When a RecordReader finishes an InputSplit, it commits partition offsets to a temporary path in Zookeeper. It’s up to the client to explicitly commit all of the temporary partition offsets if and when the Map/Reduce job finishes successfully. This ensures that failed jobs don’t commit partial offsets. The diagram below shows how this process works.

But Iteration 1 Was Too Slow & Wasted Computing Resources

Using the kafka-hadoop-consumer InputFormat and the HFileOutputFormat, we wrote a job to periodically export recent data from our Kafka topics to our HBase warehouse. We tuned the frequency of this job such that it would export several gigabytes of data per execution, which worked well initially. However, we soon noticed several deficiencies:

If our export process ever fell behind and had to consume a larger-than-expected number of messages, it would take a much longer time to run.
When inflows of data to Kafka slowed down, the job would spawn superfluous mappers that would consume nothing, unnecessarily tying up compute resources in our Hadoop cluster.

In addition, we’d begun to find more use cases for performing batch processing over data from Kafka topics, oftentimes requiring us to process the entirety of one or more topic in a single job.

Our conclusion was that our jobs couldn’t scale up or down: the InputFormat produced a constant number of InputSplits, no matter how much or little fresh data was available to consume. We needed a way to further partition our topics and produce a variable number of InputSplits based on the true number of eligible messages, which would require a new and different InputFormat. So I decided to write one.

We needed a way to further partition our topics and produce a variable number of InputSplits based on the true number of eligible messages, which would require a new and different InputFormat. So I decided to write one.

Kafka and Map/Reduce — Iteration 2

The fundamental insight I had was that we could partition the input data even more by exploiting the Kafka offset. We’d use offsets to split a topic partition into multiple InputSplits, allowing us to scale the number of mappers based on the size of the topic, not just the number of partitions. For every topic partition, we could ask the Kafka broker that owned it for all of the partition’s offsets. We could then add each of these queue chunks as an input to our M/R job.

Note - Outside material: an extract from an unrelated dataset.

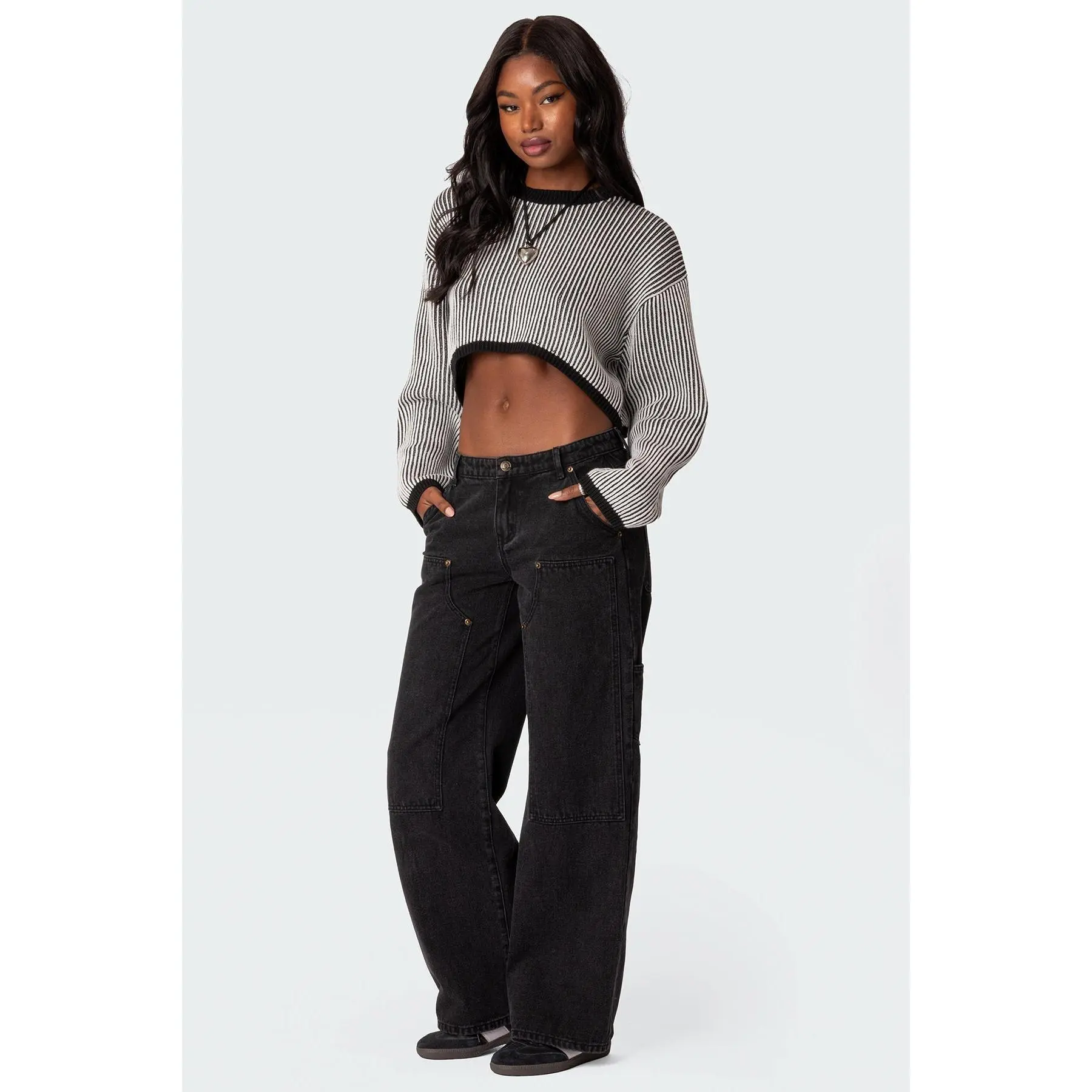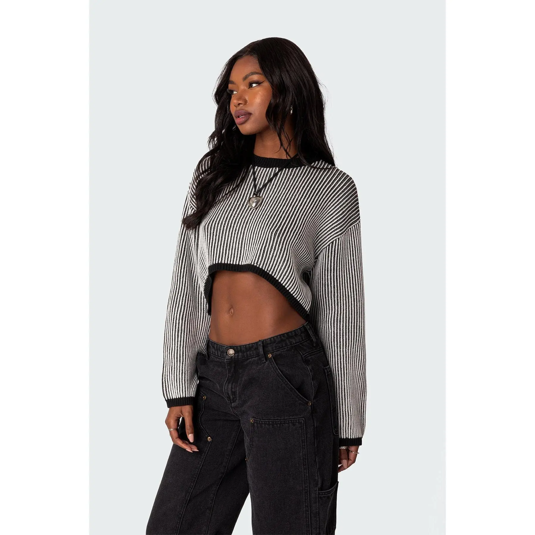 I’m loving this new cropped sweater by ##edikted What are your thoughts though? Do you like it with baggy jeans or do you think it would look better with something else?##creatorsearchinsights##croppedsweater##tiktoksweater##comfyclothes

The fundamental insight I had was that we could partition the input data even more by exploiting the Kafka offset. We’d use offsets to split a topic partition into multiple InputSplits, allowing us to scale the number of mappers based on the size of the topic, not just the number of partitions.

Here’s what the new relationship between topics and splits looked like:

Kafka topic partitions are made up of a set of log files stored on the broker’s local filesystem. In the following example, my_topic has five partitions stored on kafka-broker-1. Futhermore, partition 0 of my_topic is made up of 7 log files:

cgreen@kafka-broker-1:/var/local/kafka-logs$ ls -1p \ > # these are all of the "my_topic" partitions on this broker my_topic-0/ my_topic-1/ my_topic-2/ my_topic-3/ my_topic-4/ cgreen@kafka-broker-1:/var/local/kafka-logs$ ls -1 my_topic-0/ \ > # these are the Kafka partition files for partition 0 of "my_topic" 00000000077354539368.kafka 00000000077891471230.kafka 00000000078428904525.kafka 00000000078965803980.kafka 00000000079503043795.kafka 00000000080040106061.kafka 00000000080577359208.kafka

Note the file names — these numbers correspond exactly to the offsets returned by kafka.consumer.SimpleConsumer. Each of these files maps to a Kafka InputSplit in our new KafkaInputFormat. This is a subtle but important enhancement — it allows the RecordReader backed by Kafka’s SimpleConsumer to jump quickly to the data at this offset without having to scan through partition files looking for an otherwise “random” offset.

The size of these partition files, and thus the size of individual input splits, is determined by the Kafka server property “log.file.size”. In this example, “log.file.size” is set to ~512MB:

cgreen@kafka-broker-1:/var/local/kafka-logs$ ls -lh my_topic-0/ \ > # Note that each file is approximately "513M" except the most recent partition file -rw-r--r-- 1 kafka kafka 513M Apr 21 00:19 00000000077354539368.kafka -rw-r--r-- 1 kafka kafka 513M Apr 21 05:50 00000000077891471230.kafka -rw-r--r-- 1 kafka kafka 513M Apr 21 11:24 00000000078428904525.kafka -rw-r--r-- 1 kafka kafka 513M Apr 21 17:12 00000000078965803980.kafka -rw-r--r-- 1 kafka kafka 513M Apr 22 06:44 00000000079503043795.kafka -rw-r--r-- 1 kafka kafka 513M Apr 24 06:49 00000000080040106061.kafka -rw-r--r-- 1 kafka kafka 16M Apr 24 10:06 00000000080577359208.kafka

This approach pins the resources allocated by the Map/Reduce job much more accurately to the volume of data the job attempts to process, increasing throughput for both the full-topic and incremental use cases. It also preserves the offset management semantics offered by kafka-hadoop-consumer. Only messages that fall within our desired offset range will be seen by a mapper, and the current offset for the job’s consumer group will be updated if-and-only-if the job succeeds.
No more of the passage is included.